Background and study aims Prognostic and risk factors for upper gastrointestinal bleeding (UGIB) might have changed overtime because of the increased use of direct oral anticoagulants and improved gastroenterological care. This study was undertaken to assess the outcomes of UGIB in light of these new determinants by establishing a new national, multicenter cohort 10 years after the first.

Methods Consecutive outpatients and inpatients with UGIB symptoms consulting at 46 French general hospitals were prospectively included between November 2017 and October 2018. They were followed for at least for 6 weeks to assess 6-week rebleeding and mortality rates and factors associated with each event.

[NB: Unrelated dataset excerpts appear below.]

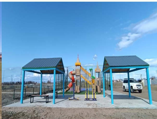
/Сүхбаатар сумын Хүүхдийн тоглоомын талбай байгуулах/

3.1.3 Тайлант онд дуусгахаар гэрээ байгуулсан 164 төсөл, арга хэмжээнээс нийт 14,792.0 сая төгрөгийн гэрээний үнийн дүнтэй 148 төсөл, арга хэмжээ нь бүрэн хэрэгжиж комиссын актаар ашиглалтад хүлээн авсан байна.
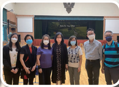
沙田堂同工與校長合照
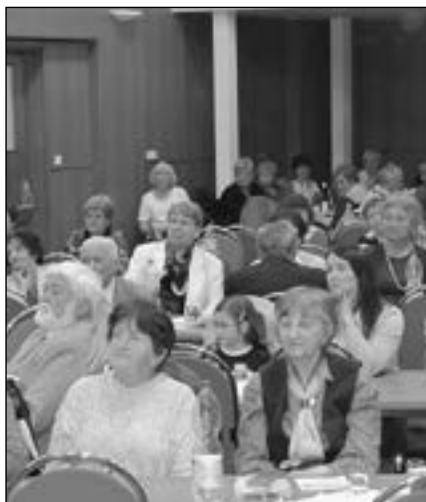
Účastníci oslavy v divadelním sále.
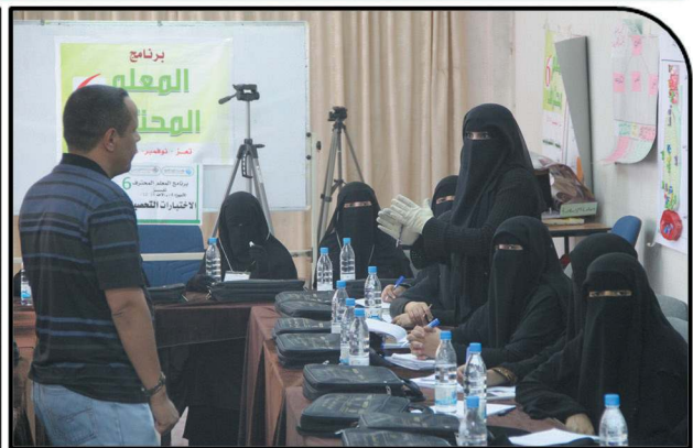
The Sixth Professional Instructor Program with 37 participants in Taiz in December, 2014
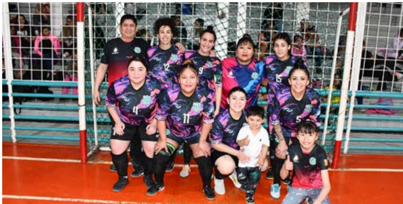
El equipo de Tercer Tiempo, primera división "A".

vando a futuras generaciones. En resumen, el crecimiento del fútbol femenino
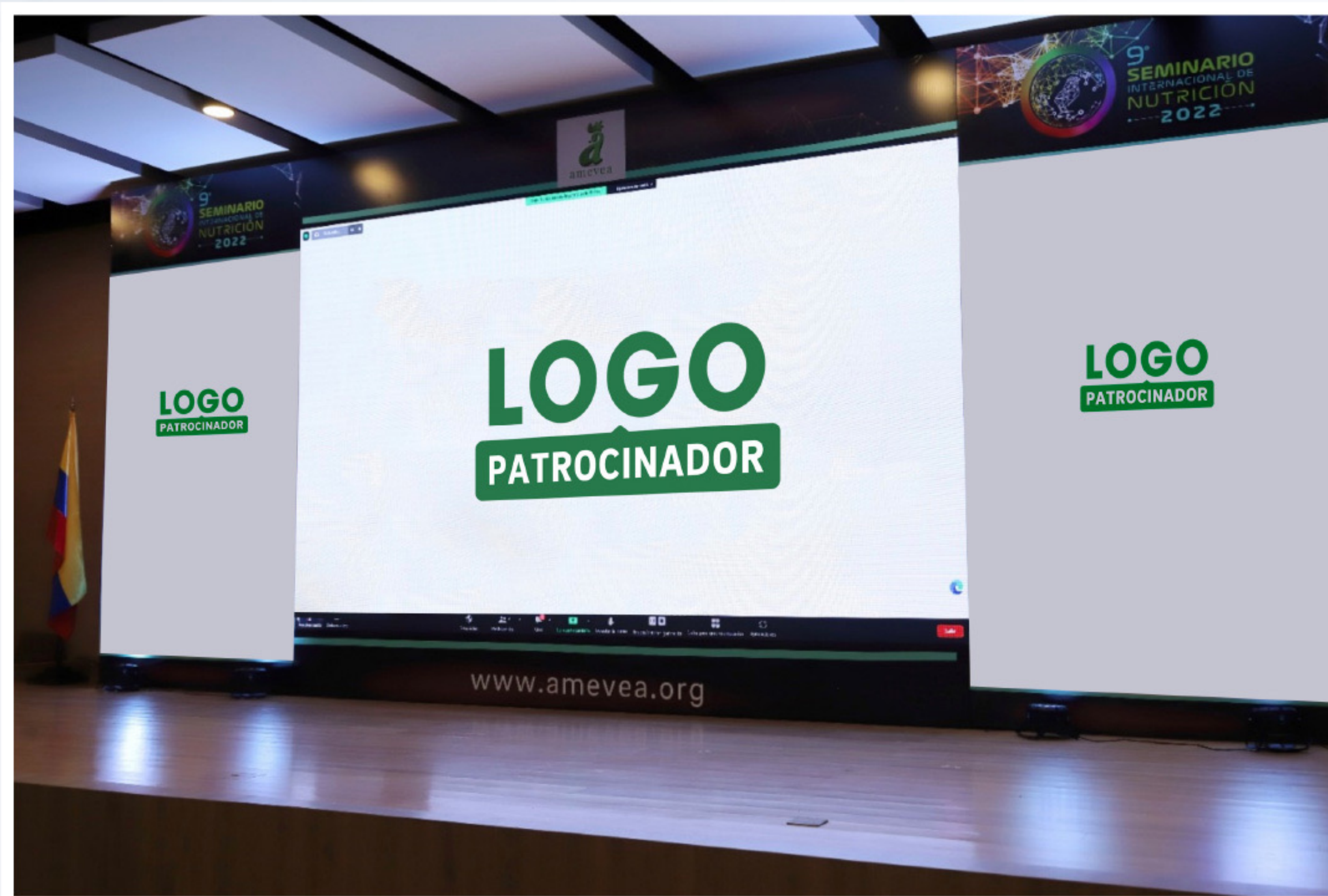
EXHIBICIÓN DEL LOGO EN TARIMA EN LA CATEGORÍA DIAMANTE
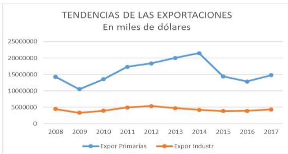
Gráfico 2. Tendencias de las exportaciones en miles de dólares.

En cambio, Colombia y Perú, vecinos y principales competidores en el mundo, sus registros superan los 10 mil millones de dólares. La industria de América Latina tiene varias convergencias y se debe principalmente a los diferentes tipos de estrategias que van desde la mejora de la competitividad, productividad, acuerdos comerciales, leyes que fomenten la producción industrial como las Zonas Francas, Parques Industriales y Zonas Especial de Desarrollo Económico.
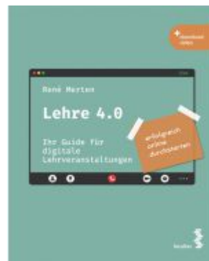
Lehre 4.0 Ladenpreis: 21,90EUR
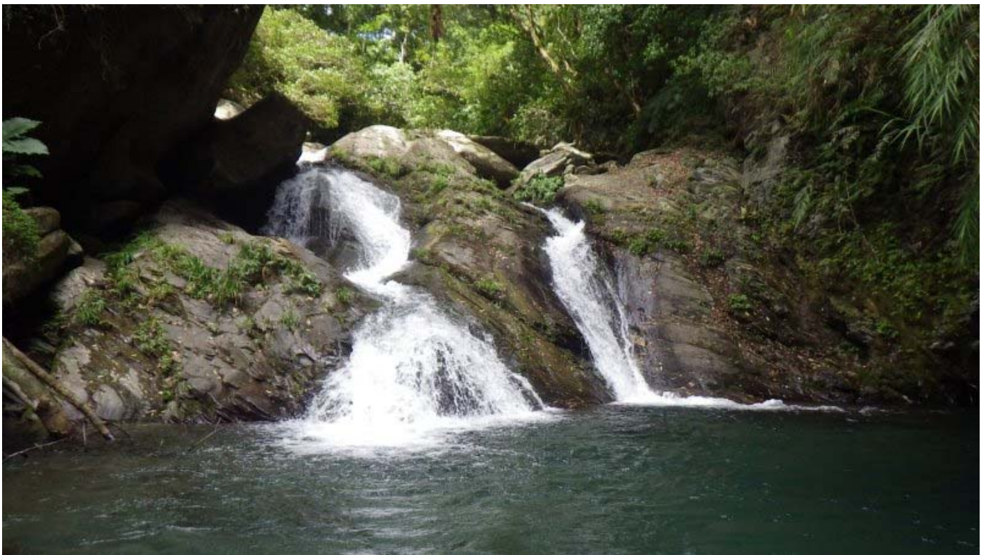
9:00 一小時抵達第一條雙流瀑布
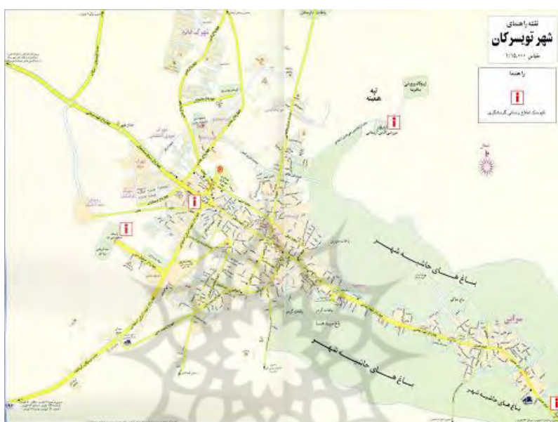
شکل ۲: نقشه مراکز گردشگری شهر تویسرکان

یکی از محبوب‌ترین محصولات تویسرکان گردو است و درخت‌های گردو زیادی در این شهر دیده می‌شود
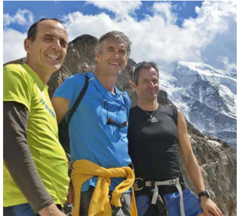
Fotowettbewerb 2017 - vor dem Piz Palü - Foto: Peter Wiedemann
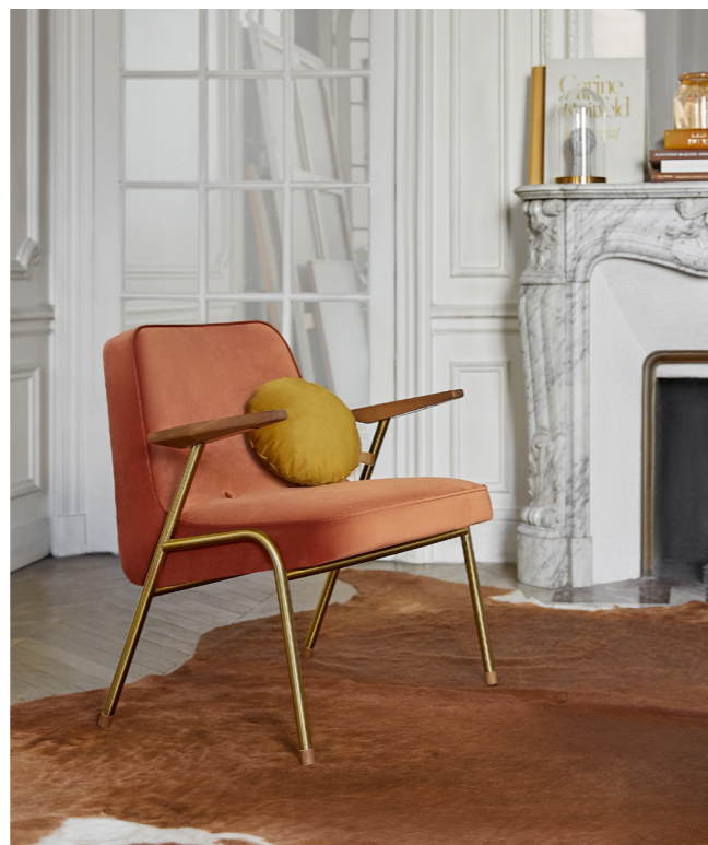
366 Metal Armchair / Fauteuil – Velvet Coll. / Sierra
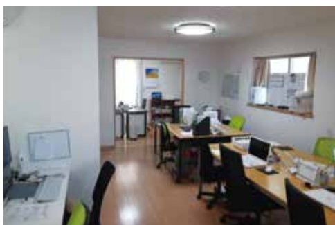
事業所として一戸建てを活用

~マーケティング、事業計画(収支・資金)、備品計画、利用者確保、 職員採用・教育・定着、勤務シフト・記録ソフト・運営の実際を現地で学ぶ~
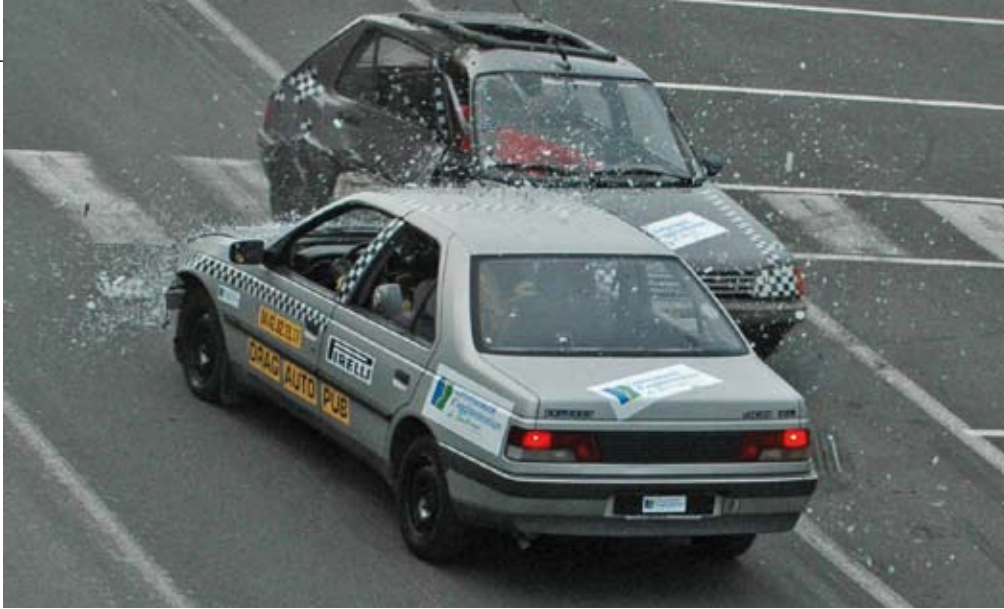
Un moment phare du village : la preuve par le choc, ici entre deux voitures... Frissons garanti !
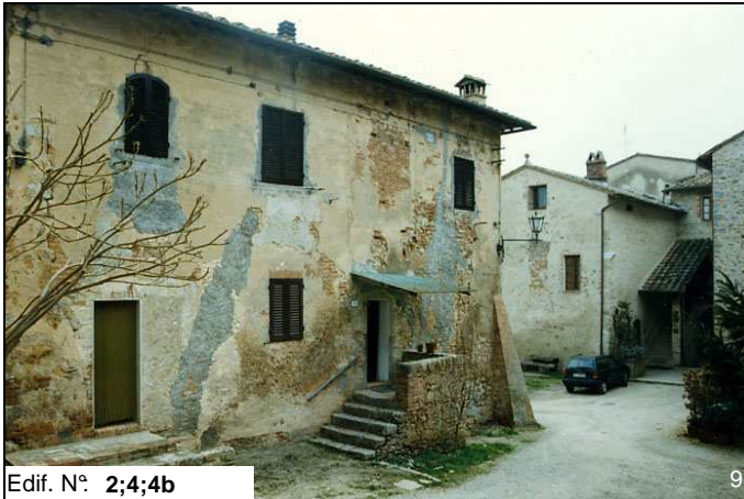
Edif. N° 2;4;4b
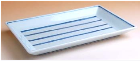
149045 呉須ライン 焼皿 1 2 6 0 円 (径 20×12.3cm) (本体価格 1 2 0 0 円)
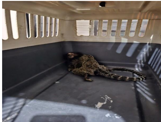
(49543) STP macho, adulto, sugestivo de eletrocussão, proveniente de Bragança Paulista, entregue pela AMC, no dia 18/06/2024.
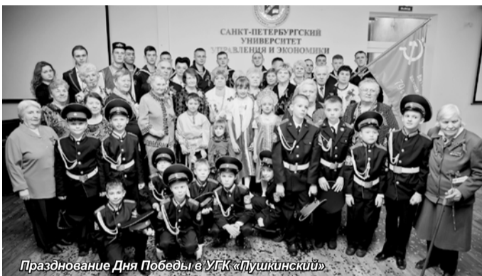
Празднование Дня Победы в УГК «Пушкинский»
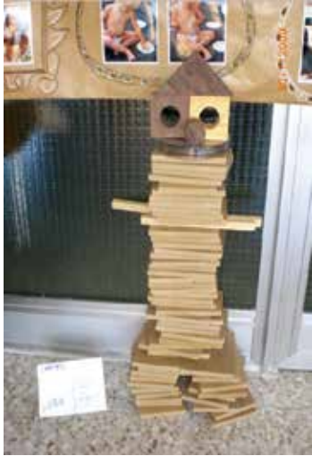
FOTO 3 - "Enrique Luna". Escultura en madera realizada por los niños de la Escuela Infantil.

La verdad es que los cuerpos abundaron. Hubo otra serie en la que cada cual se representó a sí mismo con plastilina blanca y botones, otra con un palillo, en el que se sujetaban los cuerpos decoradísimos con telas y papeles, y que se plantaban metiendo el palito en una bola de plastilina. Y otra más que eran las cabezas de cada niño, moldeadas en arcilla, todas ellas muy bonitas.
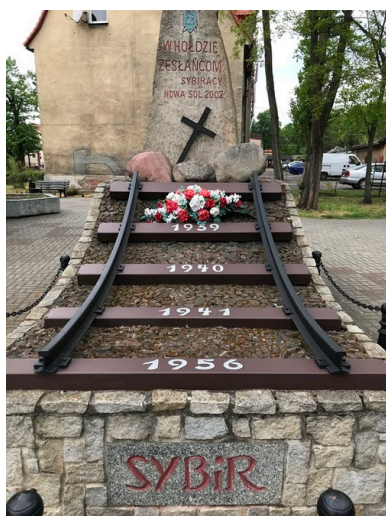
Skwer Sybiraków w Nowej Soli.
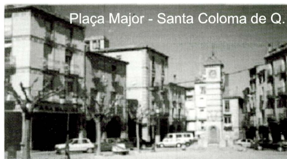
Plaça Major - Santa Coloma de Q.

13 km més enllà i al final de la comarca, Santa Coloma de Q. Manté una forta identitat segarrenca car ha estat històricament i tradicionalment vinculada a aquesta comarca. Encara manté un interessant nucli medieval,
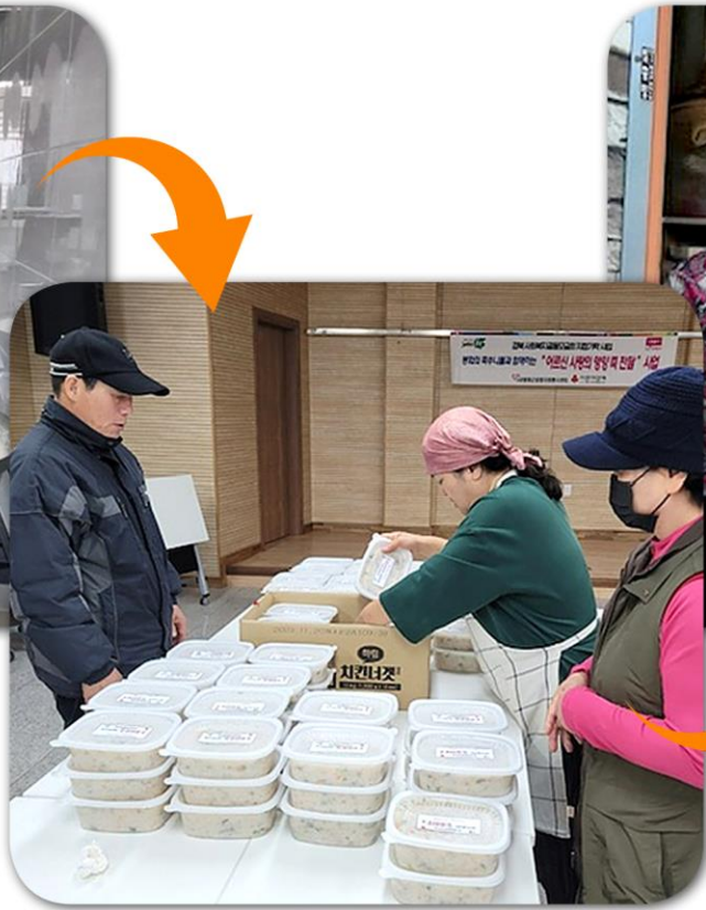
• 포장 •
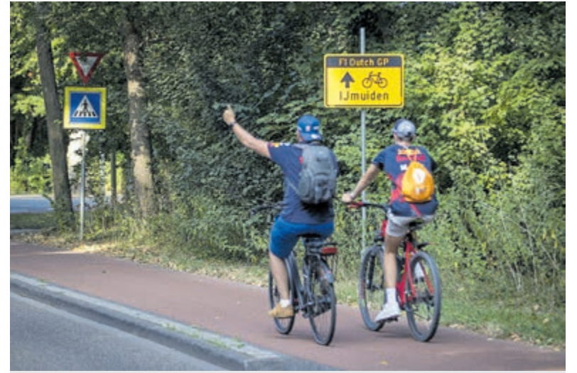
Speciale routekaart voor racefans die op de fiets naar de Dutch Grand Prix gaan.

Hij sluit het gesprek af met: „Ik ga -als het lukt want ik werk bij een supermarkt- het liefst elke dag op pad. Ik heb een app op mijn telefoon waarop ik zie wat er gebeurt. Momenteel is er een grote bulkcarrier onderweg naar Amsterdam.” Dus hij springt weer op de fiets.
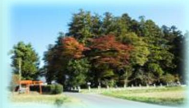
田園風景と鎮守の森
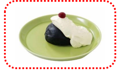
爆弾シュー 680 円
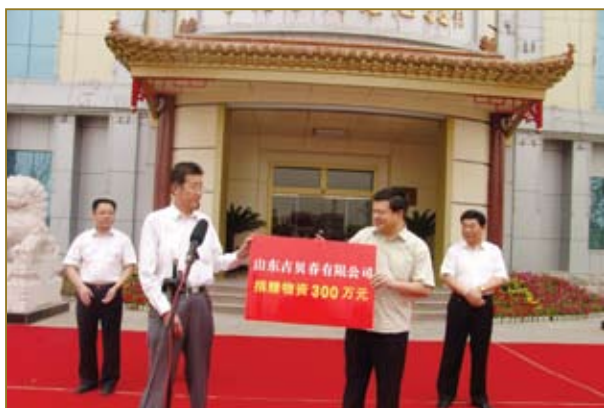
向汶川地震捐赠300万元物资。
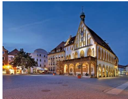
Amberger Rathaus
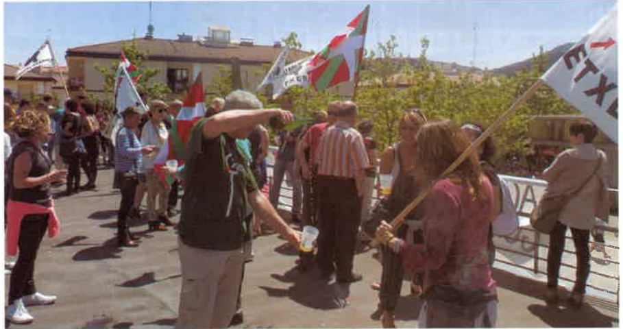
Eguerdian txotx berezia egingo dute. Eta mariskadaren zozketa arratsaldean egingo da.
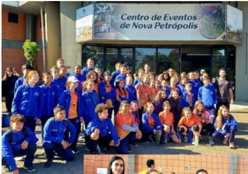
Guaíba na 8ª edição do Dia Estadual do Voleibol o Dia Estadual do Vôlei,

O evento foi organizado pelo Projeto Vôlei Nova Petrópolis, em parceria com a Prefeitura Municipal de Nova Petrópolis e a Federação Gaúcha de Voleibol, contando com o apoio da Confederação Brasileira de Voleibol e o Sesc Senac.
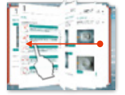
ページフリップ表示
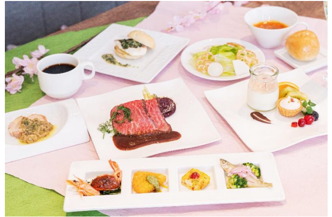
洋食フルコースプラン
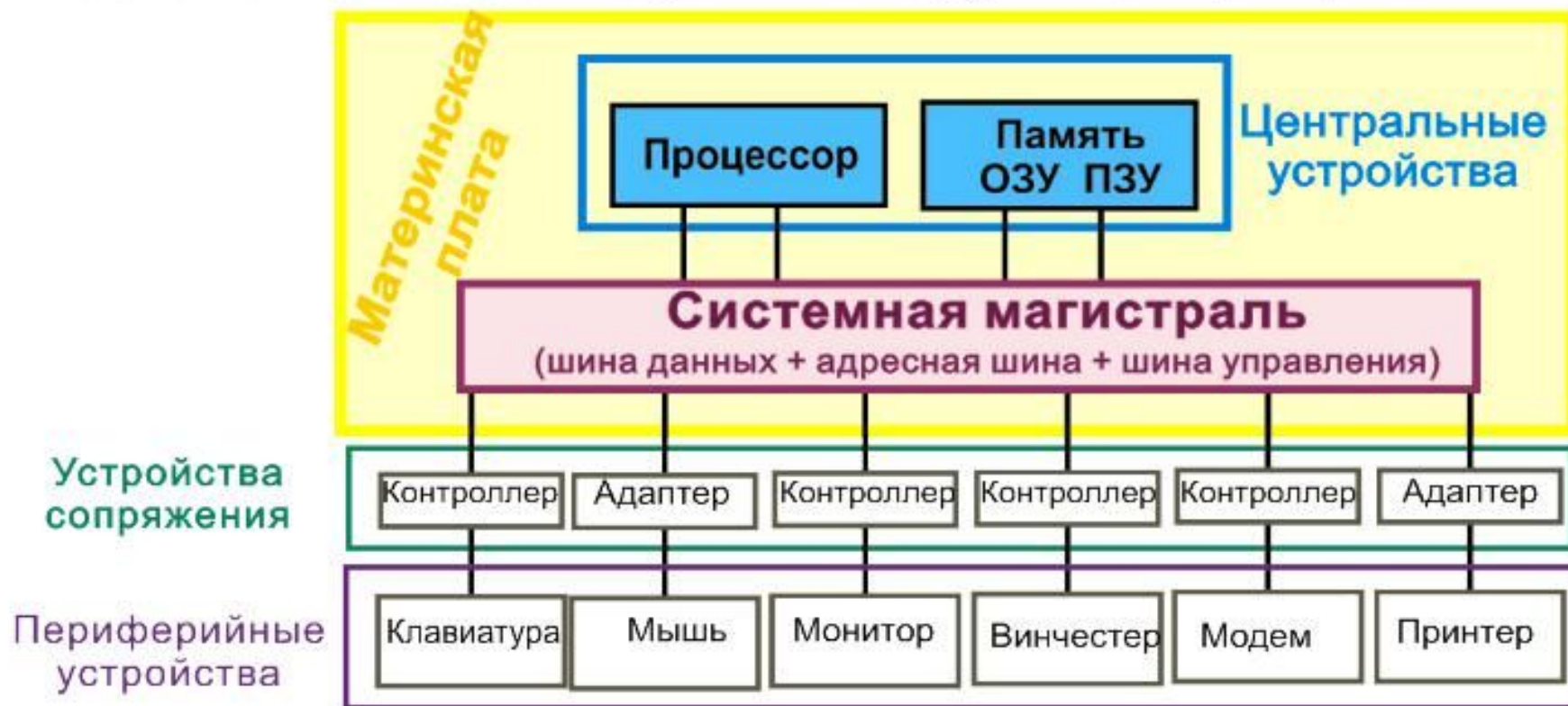
Схема архитектуры ПК, основанной на магистрально-модульном принципе
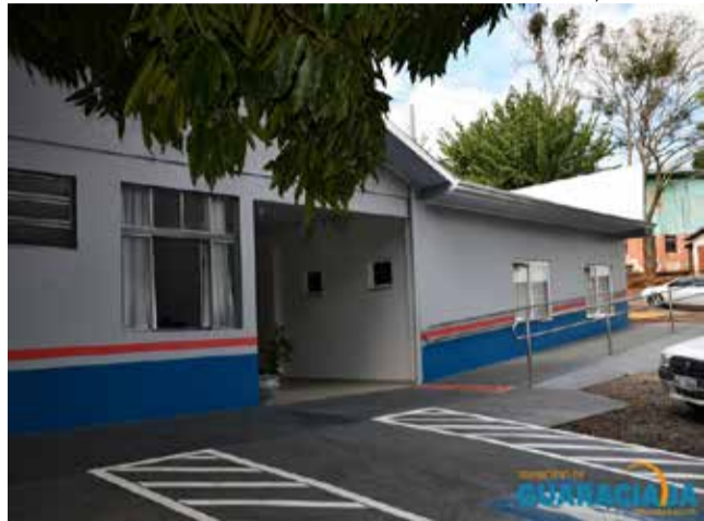
Foram investidos cerca de R$ 346 mil nas obras de reformas e ampliação
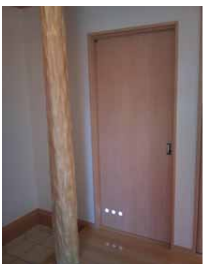
足元を灯す玄関自然照明

Results Among the 2498 enrolled patients (mean age 68.5 [16.3] years, 67.1 % men), 74.5 % were outpatients and 21 % had cirrhosis. Median Charlson score was 2 (IQR 1–4) and Rockall score was 5 (IQR 3–6). Within 24 hours, 83.4 % of the patients underwent endoscopy. The main causes of bleeding were peptic ulcers (44.9 %) and portal hypertension (18.9 %). The early in-hospital rebleeding rate was 10.5 %. The 6-week mortality rate was 12.5 %. Predictors significantly associated with 6-week mortality were initial transfusion (OR 1.54; 95 %CI 1.04–2.28), Charlson score > 4 (OR 1.80; 95 %CI 1.31–2.48), Rockall score > 5 (OR 1.98; 95 %CI 1.39–2.80), being an inpatient (OR 2.45; 95 %CI 1.76–3.41) and rebleeding (OR 2.6; 95 %CI 1.85–3.64). Anticoagulant therapy was not associated with dreaded outcomes.

Conclusions The 6-week mortality rate remained high after UGIB, especially for inpatients. Predictors of mortality underlined the weight of comorbidities on outcomes.



Publication History

Received: 07 January 2021

Accepted: 05 May 2021

Article published online:
16 September 2021

© 2021. The Author(s). This is an open access article published by Thieme under the terms of the Creative Commons Attribution-NonDerivative-NonCommercial License, permitting copying and reproduction so long as the original work is given appropriate credit. Contents may not be used for commercial purposes, or adapted, remixed, transformed or built upon. (https://creativecommons.org/licenses/by-nc-nd/4.0/)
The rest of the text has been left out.